◆ EXERCISE DATA ◆
Start of Block

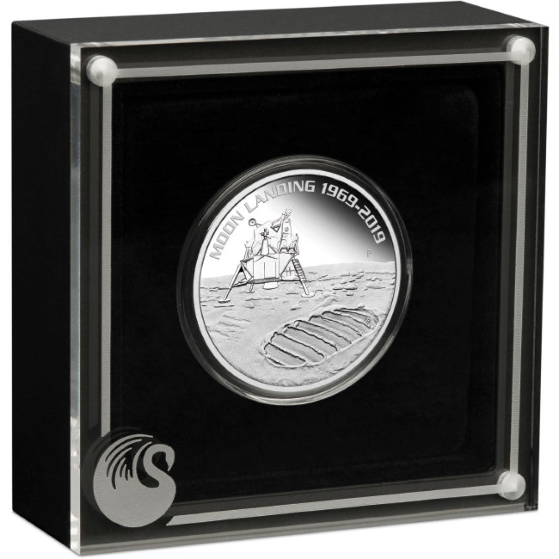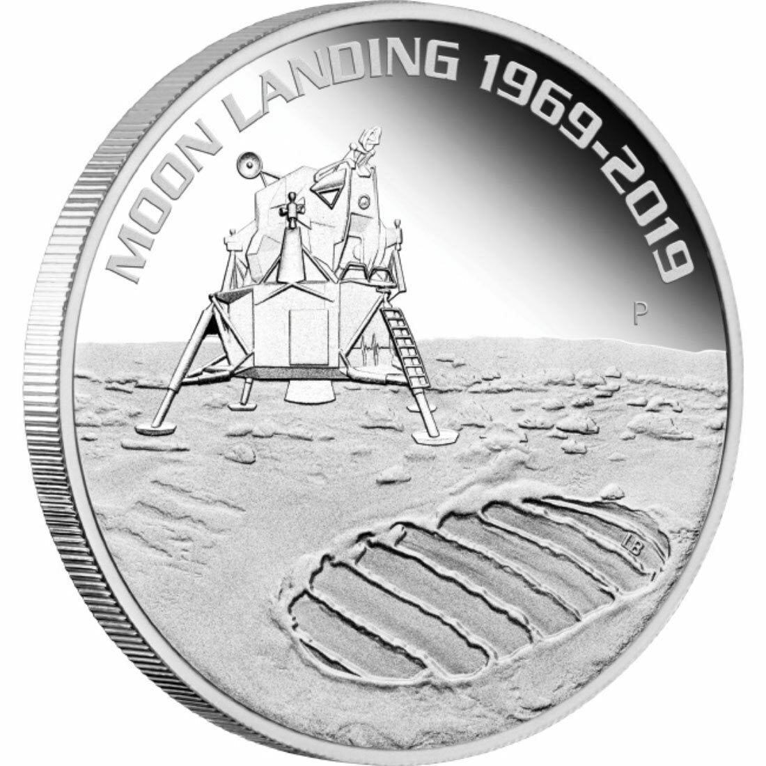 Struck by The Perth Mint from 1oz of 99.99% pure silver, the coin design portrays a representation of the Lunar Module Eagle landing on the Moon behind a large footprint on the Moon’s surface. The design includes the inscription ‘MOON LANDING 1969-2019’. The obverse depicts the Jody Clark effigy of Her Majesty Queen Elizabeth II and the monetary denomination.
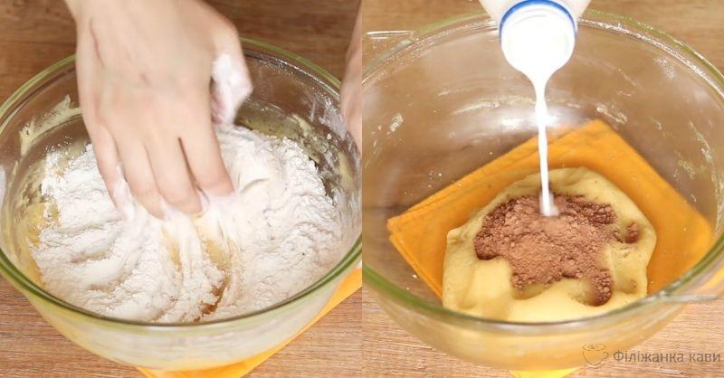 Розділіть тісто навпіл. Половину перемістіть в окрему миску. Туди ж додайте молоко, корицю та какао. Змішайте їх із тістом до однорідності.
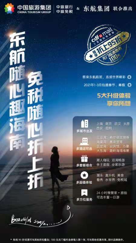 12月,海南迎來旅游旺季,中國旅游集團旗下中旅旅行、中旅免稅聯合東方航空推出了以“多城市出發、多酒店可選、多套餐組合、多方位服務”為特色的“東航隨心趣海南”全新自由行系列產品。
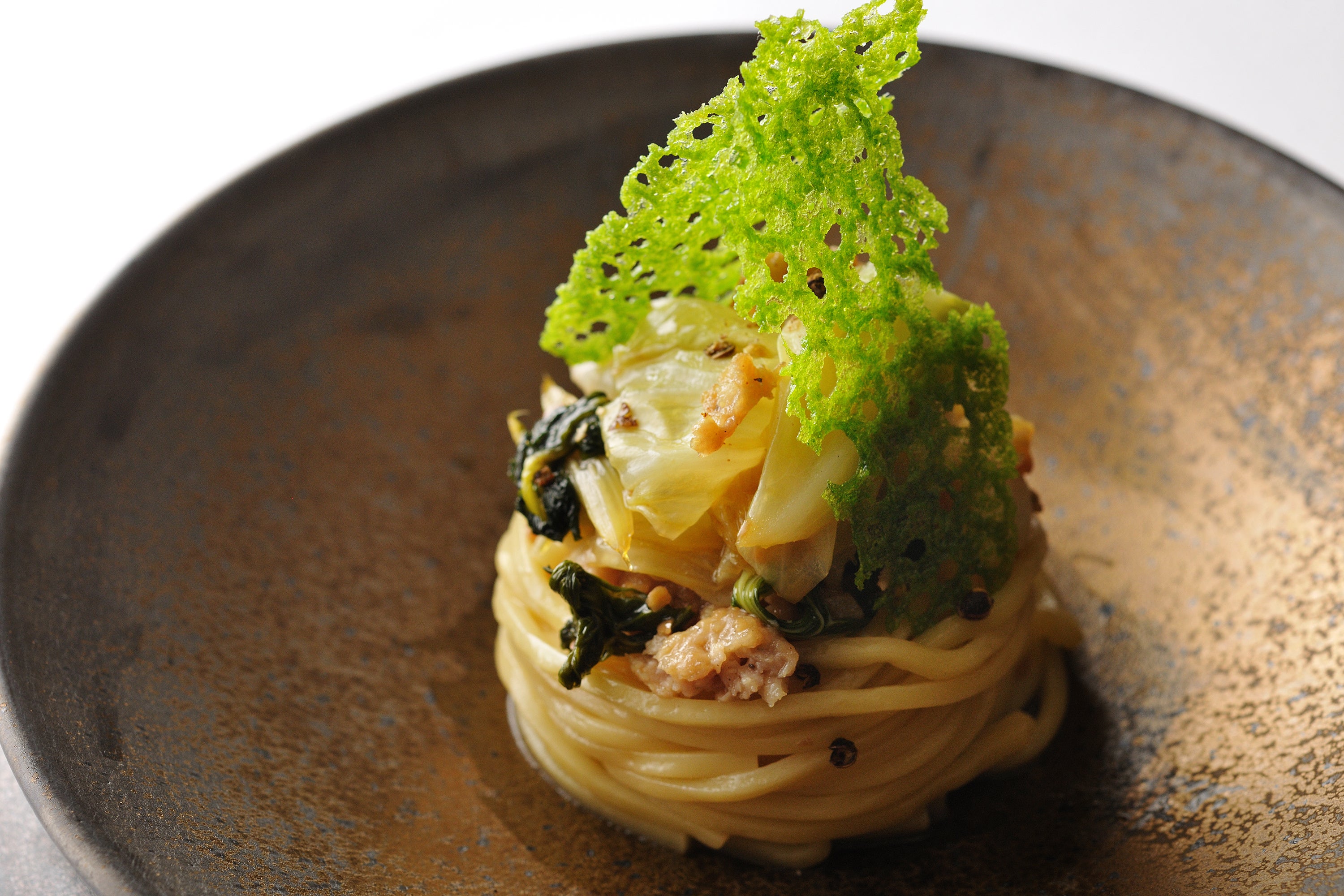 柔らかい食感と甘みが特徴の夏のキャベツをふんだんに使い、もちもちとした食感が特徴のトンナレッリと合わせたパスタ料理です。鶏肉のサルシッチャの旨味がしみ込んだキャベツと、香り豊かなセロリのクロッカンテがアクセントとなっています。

End of Block

◆ DIRECTIONS ◆
Every line from the one with "Розділіть тісто навпіл." through the last line of the listing above must be written out exactly, and no picture may appear.

◆ YOUR SOLUTION ◆
 Розділіть тісто навпіл. Половину перемістіть в окрему миску. Туди ж додайте молоко, корицю та какао. Змішайте їх із тістом до однорідності.
 12月,海南迎來旅游旺季,中國旅游集團旗下中旅旅行、中旅免稅聯合東方航空推出了以“多城市出發、多酒店可選、多套餐組合、多方位服務”為特色的“東航隨心趣海南”全新自由行系列產品。
 柔らかい食感と甘みが特徴の夏のキャベツをふんだんに使い、もちもちとした食感が特徴のトンナレッリと合わせたパスタ料理です。鶏肉のサルシッチャの旨味がしみ込んだキャベツと、香り豊かなセロリのクロッカンテがアクセントとなっています。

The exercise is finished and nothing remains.